Reprint every entry, character for character.
** INFORMATION follows **
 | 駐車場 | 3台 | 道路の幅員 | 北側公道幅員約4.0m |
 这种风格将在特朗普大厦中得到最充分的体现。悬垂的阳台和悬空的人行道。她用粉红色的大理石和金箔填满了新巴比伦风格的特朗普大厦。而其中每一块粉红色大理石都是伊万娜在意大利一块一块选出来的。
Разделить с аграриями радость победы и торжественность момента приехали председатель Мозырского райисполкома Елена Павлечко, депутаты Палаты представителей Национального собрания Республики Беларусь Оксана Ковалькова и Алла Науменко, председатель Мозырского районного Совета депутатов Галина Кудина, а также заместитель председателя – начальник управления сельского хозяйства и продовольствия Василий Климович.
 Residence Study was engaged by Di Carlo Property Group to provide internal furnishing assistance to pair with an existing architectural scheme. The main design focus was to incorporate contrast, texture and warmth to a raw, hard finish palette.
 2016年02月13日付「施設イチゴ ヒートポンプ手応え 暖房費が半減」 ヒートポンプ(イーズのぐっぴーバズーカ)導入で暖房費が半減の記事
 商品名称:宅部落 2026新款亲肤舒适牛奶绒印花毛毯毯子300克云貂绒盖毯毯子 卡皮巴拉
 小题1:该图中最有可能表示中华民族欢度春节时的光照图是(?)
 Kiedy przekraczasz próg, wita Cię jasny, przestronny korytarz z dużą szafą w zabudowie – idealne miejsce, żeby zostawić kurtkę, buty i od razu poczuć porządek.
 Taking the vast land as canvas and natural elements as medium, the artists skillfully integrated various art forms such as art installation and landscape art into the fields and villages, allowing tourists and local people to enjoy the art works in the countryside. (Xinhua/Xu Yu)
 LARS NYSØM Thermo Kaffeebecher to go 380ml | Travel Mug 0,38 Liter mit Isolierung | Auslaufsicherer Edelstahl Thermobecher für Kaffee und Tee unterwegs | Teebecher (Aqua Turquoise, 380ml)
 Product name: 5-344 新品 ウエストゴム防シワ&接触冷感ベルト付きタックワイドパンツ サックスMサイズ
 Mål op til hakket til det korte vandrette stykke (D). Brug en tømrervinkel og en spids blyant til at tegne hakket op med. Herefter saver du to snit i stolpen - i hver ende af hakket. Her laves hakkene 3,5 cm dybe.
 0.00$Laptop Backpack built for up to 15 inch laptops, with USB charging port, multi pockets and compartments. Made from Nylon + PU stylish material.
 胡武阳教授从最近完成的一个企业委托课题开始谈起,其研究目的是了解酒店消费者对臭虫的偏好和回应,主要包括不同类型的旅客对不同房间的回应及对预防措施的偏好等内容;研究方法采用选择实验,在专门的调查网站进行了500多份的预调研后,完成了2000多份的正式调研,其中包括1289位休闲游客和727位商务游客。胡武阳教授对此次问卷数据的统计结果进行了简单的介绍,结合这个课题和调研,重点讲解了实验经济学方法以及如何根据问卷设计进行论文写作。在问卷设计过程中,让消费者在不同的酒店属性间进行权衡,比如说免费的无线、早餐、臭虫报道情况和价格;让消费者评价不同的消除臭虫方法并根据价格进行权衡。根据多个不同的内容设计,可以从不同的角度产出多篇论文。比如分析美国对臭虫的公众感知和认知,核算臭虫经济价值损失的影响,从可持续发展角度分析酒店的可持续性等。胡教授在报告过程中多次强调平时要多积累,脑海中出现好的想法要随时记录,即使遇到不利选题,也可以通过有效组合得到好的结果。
** End of INFORMATION **
> _RESULT OF THIS TASK_:
 | 駐車場 | 3台 | 道路の幅員 | 北側公道幅員約4.0m |
 这种风格将在特朗普大厦中得到最充分的体现。悬垂的阳台和悬空的人行道。她用粉红色的大理石和金箔填满了新巴比伦风格的特朗普大厦。而其中每一块粉红色大理石都是伊万娜在意大利一块一块选出来的。
Разделить с аграриями радость победы и торжественность момента приехали председатель Мозырского райисполкома Елена Павлечко, депутаты Палаты представителей Национального собрания Республики Беларусь Оксана Ковалькова и Алла Науменко, председатель Мозырского районного Совета депутатов Галина Кудина, а также заместитель председателя – начальник управления сельского хозяйства и продовольствия Василий Климович.
 Residence Study was engaged by Di Carlo Property Group to provide internal furnishing assistance to pair with an existing architectural scheme. The main design focus was to incorporate contrast, texture and warmth to a raw, hard finish palette.
 2016年02月13日付「施設イチゴ ヒートポンプ手応え 暖房費が半減」 ヒートポンプ(イーズのぐっぴーバズーカ)導入で暖房費が半減の記事
 商品名称:宅部落 2026新款亲肤舒适牛奶绒印花毛毯毯子300克云貂绒盖毯毯子 卡皮巴拉
 小题1:该图中最有可能表示中华民族欢度春节时的光照图是(?)
 Kiedy przekraczasz próg, wita Cię jasny, przestronny korytarz z dużą szafą w zabudowie – idealne miejsce, żeby zostawić kurtkę, buty i od razu poczuć porządek.
 Taking the vast land as canvas and natural elements as medium, the artists skillfully integrated various art forms such as art installation and landscape art into the fields and villages, allowing tourists and local people to enjoy the art works in the countryside. (Xinhua/Xu Yu)
 LARS NYSØM Thermo Kaffeebecher to go 380ml | Travel Mug 0,38 Liter mit Isolierung | Auslaufsicherer Edelstahl Thermobecher für Kaffee und Tee unterwegs | Teebecher (Aqua Turquoise, 380ml)
 Product name: 5-344 新品 ウエストゴム防シワ&接触冷感ベルト付きタックワイドパンツ サックスMサイズ
 Mål op til hakket til det korte vandrette stykke (D). Brug en tømrervinkel og en spids blyant til at tegne hakket op med. Herefter saver du to snit i stolpen - i hver ende af hakket. Her laves hakkene 3,5 cm dybe.
 0.00$Laptop Backpack built for up to 15 inch laptops, with USB charging port, multi pockets and compartments. Made from Nylon + PU stylish material.
 胡武阳教授从最近完成的一个企业委托课题开始谈起,其研究目的是了解酒店消费者对臭虫的偏好和回应,主要包括不同类型的旅客对不同房间的回应及对预防措施的偏好等内容;研究方法采用选择实验,在专门的调查网站进行了500多份的预调研后,完成了2000多份的正式调研,其中包括1289位休闲游客和727位商务游客。胡武阳教授对此次问卷数据的统计结果进行了简单的介绍,结合这个课题和调研,重点讲解了实验经济学方法以及如何根据问卷设计进行论文写作。在问卷设计过程中,让消费者在不同的酒店属性间进行权衡,比如说免费的无线、早餐、臭虫报道情况和价格;让消费者评价不同的消除臭虫方法并根据价格进行权衡。根据多个不同的内容设计,可以从不同的角度产出多篇论文。比如分析美国对臭虫的公众感知和认知,核算臭虫经济价值损失的影响,从可持续发展角度分析酒店的可持续性等。胡教授在报告过程中多次强调平时要多积累,脑海中出现好的想法要随时记录,即使遇到不利选题,也可以通过有效组合得到好的结果。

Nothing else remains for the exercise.